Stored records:
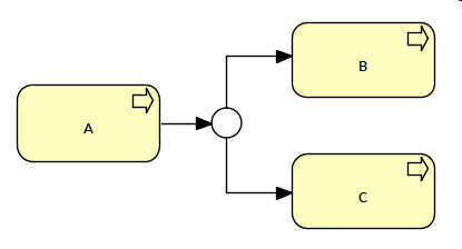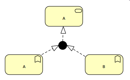 A junction is used to connect relationships of the same type to indicate that one (and only one) connector on the multiple side(s) of the junction will be invoked.
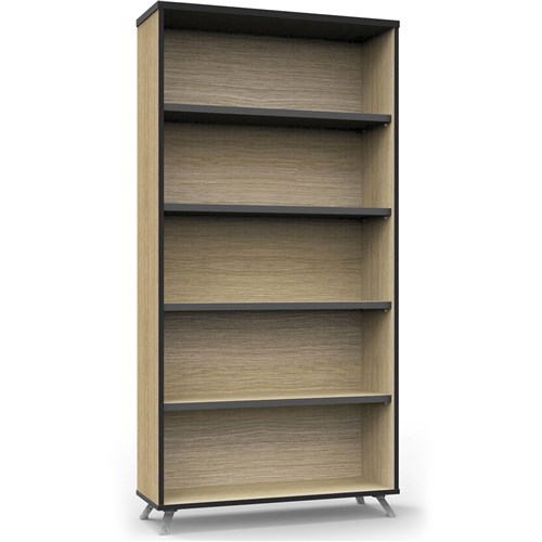 • Rapidline Infinity Bookcase 900W x 315D x 1800mmH 4 Shelf Oak With Black Edge
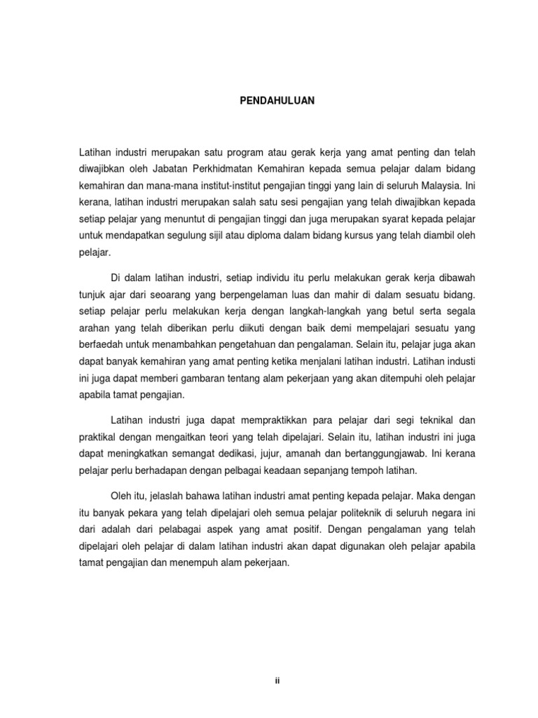Contoh Draf Laporan Latihan Industri
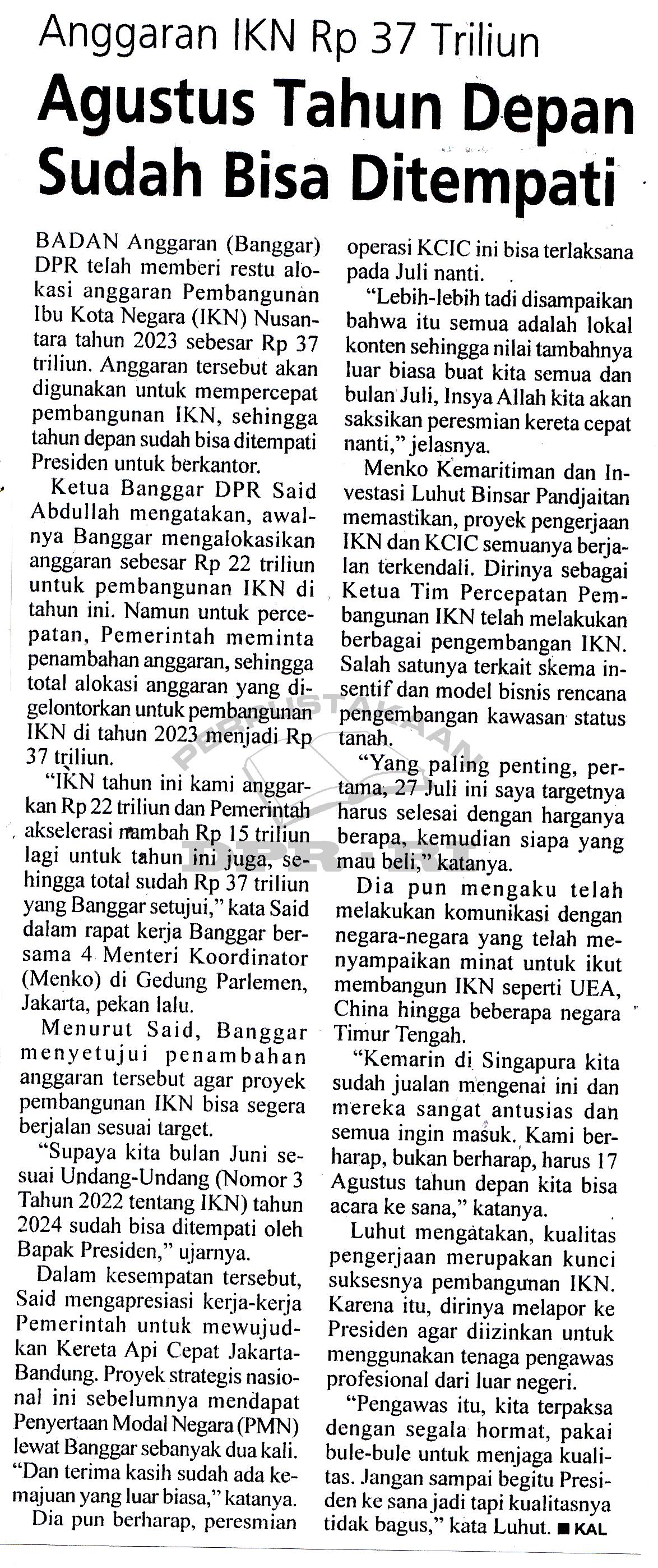 | Kata Kunci | Anggaran IKN Rp 37 Triliun, Banggar, Said Abdullah, |
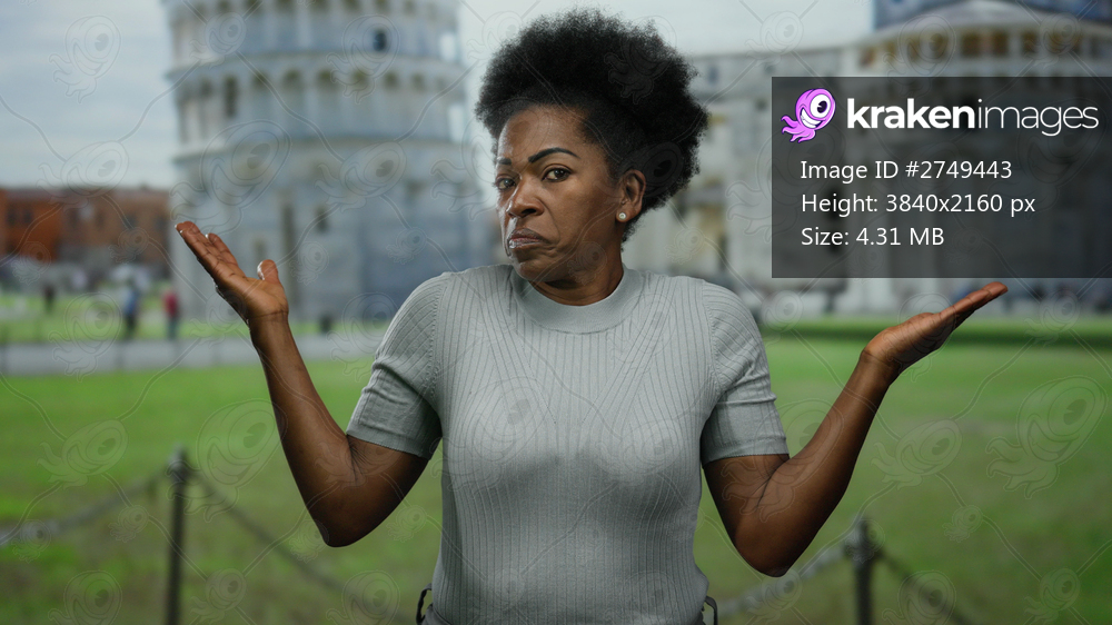 Woman standing outdoors near pisa tower with a thoughtful expression, wearing a grey shirt, in an urban italian setting, showcasing cultural travel and architecture. - Kraken Images

**YOUR OBJECTIVE**
When you reach the line that contains "Contoh Draf Laporan Latihan Industri", start reproducing, and continue word for word to the end of the records; skip all pictures.

**ANSWER BOX**
Contoh Draf Laporan Latihan Industri
 | Kata Kunci | Anggaran IKN Rp 37 Triliun, Banggar, Said Abdullah, |
 Woman standing outdoors near pisa tower with a thoughtful expression, wearing a grey shirt, in an urban italian setting, showcasing cultural travel and architecture. - Kraken Images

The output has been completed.